__The task__:
Excluding all pictures, please output the listing exactly.

__Dataset content__:
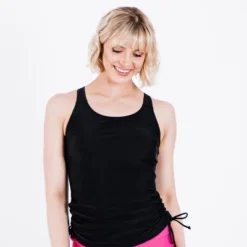 The Maya Swim Top is perfect for a sunny day. The round neckline, racerback cut and built-in bra (with removable cups!) offer stylish comfort and support while the adjustable side ruching gives you a better fit. Sold as top only. Pair with your favorite swim bottom to complete the look.
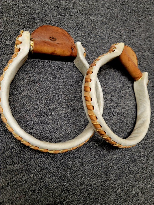 Rawhide covered HEAVY Iron Oxbow Stirrups
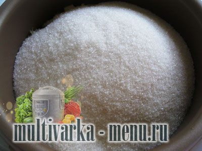 Тепер розливаємо його в пропарені банки. Їх можна пропарити з допомогою тієї ж мультиварки, на пару поставити банки і вони швидко простерилизуются разом з кришками.

__Answer space__:
 The Maya Swim Top is perfect for a sunny day. The round neckline, racerback cut and built-in bra (with removable cups!) offer stylish comfort and support while the adjustable side ruching gives you a better fit. Sold as top only. Pair with your favorite swim bottom to complete the look.
 Rawhide covered HEAVY Iron Oxbow Stirrups
 Тепер розливаємо його в пропарені банки. Їх можна пропарити з допомогою тієї ж мультиварки, на пару поставити банки і вони швидко простерилизуются разом з кришками.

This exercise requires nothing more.